O colunista da Bloomberg adverte, porém, que na política mundial nenhuma “região pode ser hermeticamente isolada de outras”. E acrescenta: “A maneira pela qual o Ocidente responder a uma invasão russa” à Ucrânia, “caso isso venha a ocorrer, pode fornecer pistas sobre como o mundo democrático responderia à beligerância chinesa. Um colapso da segurança na Europa oriental acarretaria pressões sobre os recursos norte-americanos, o que talvez possibilitasse a Pequim maior espaço de manobra na Ásia”. Ele conclama o governo americano a que se prepare para a eventualidade de uma invasão chinesa a Taiwan, levando em conta as primeiras lições que a crise ucraniana oferece.

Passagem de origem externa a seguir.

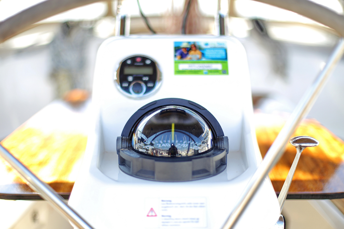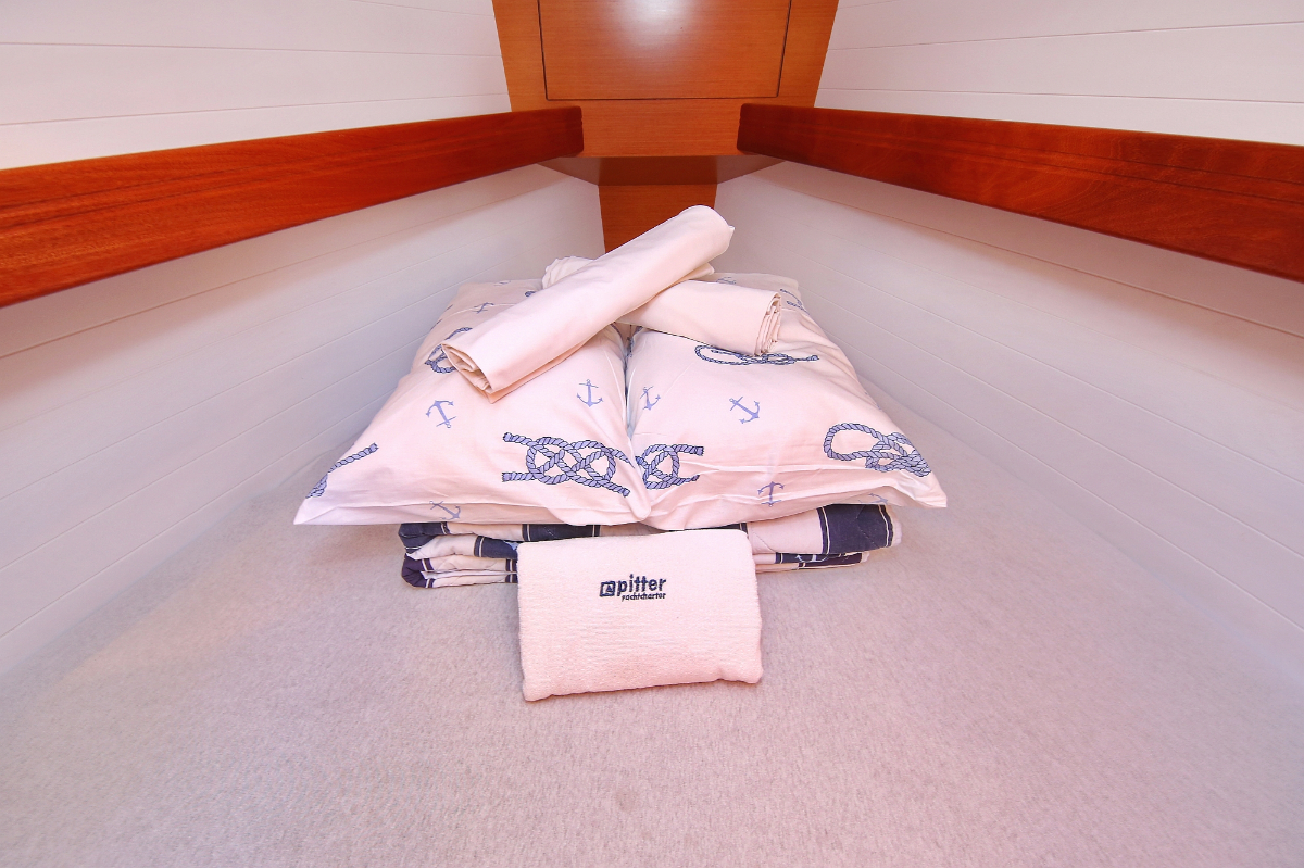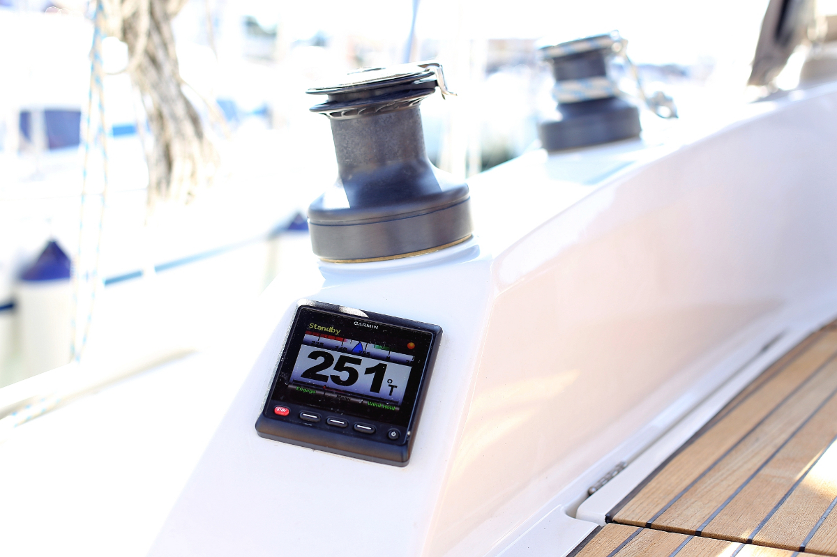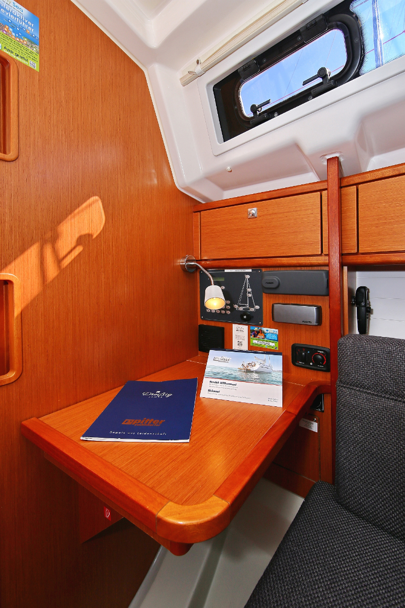 | Navigation | Fernglas, Fernglas mit Peilkompass, GPS mit Kartenplotter im Cockpit, Hafenhandbücher, Navigationsbesteck, Seekarten, Tridata (Log, Echolot, Windm.) |

A tendência da crise ucraniana será desescalar na direção de algum tipo de toma-lá-dá-cá. Já o futuro de Taiwan me parece bem mais incerto

De saída, ela evidencia as dificuldades de alinhar uma resposta ocidental – e não apenas no terreno militar. Se o cancelamento da Rússia no SWIFT já levanta reticências e preocupações entre as autoridades econômicas de alguns aliados transatlânticos, dá para imaginar quão mais complicado seria aplicar esse tipo de sanção à superpotência chinesa, conectada ao mercado mundial por inúmeros vínculos comerciais e financeiros. Brands sugere a seguinte alternativa: no momento em que a máquina de guerra americana tiver de auxiliar os taiwaneses a repelir um ataque inicial do continente, os Estados Unidos poderão recorrer a sanções “mais ou menos” unilaterais, enquanto costuram uma ampla coalizão econômica de guerra, como, por exemplo, a proibição das exportações de semicondutores mais sofisticados, uma ameaça que já foi apresentada aos russos. De outra parte, a velocidade com que essas crises se desenvolvem ensina que nunca é cedo demais para planejar e ensaiar ações militares conjuntas.

Nesse sentido, Estados Unidos e Japão precisam intensificar seus exercícios militares nas ilhas próximas a Taiwan, possíveis bases para rechaçar a frota chinesa. Por último, mas não menos importante, Hal Brands recomenda o posicionamento de maiores contingentes das forças armadas dos Estados Unidos em território taiwanês. Na minha opinião pessoal, a tendência da crise ucraniana será desescalar na direção de algum tipo de toma-lá-dá-cá, com Putin desistindo da invasão em troca da neutralização militar da Ucrânia (uma “finlandização”). Já o futuro de Taiwan, na mira de uma China cada vez mais disposta a reescrever as regras do sistema internacional à imagem e semelhança de seu regime iliberal e fortemente centralizado, me parece bem mais incerto.

Paulo Kramer é cientista político e especialista da Fundação da Liberdade Econômica.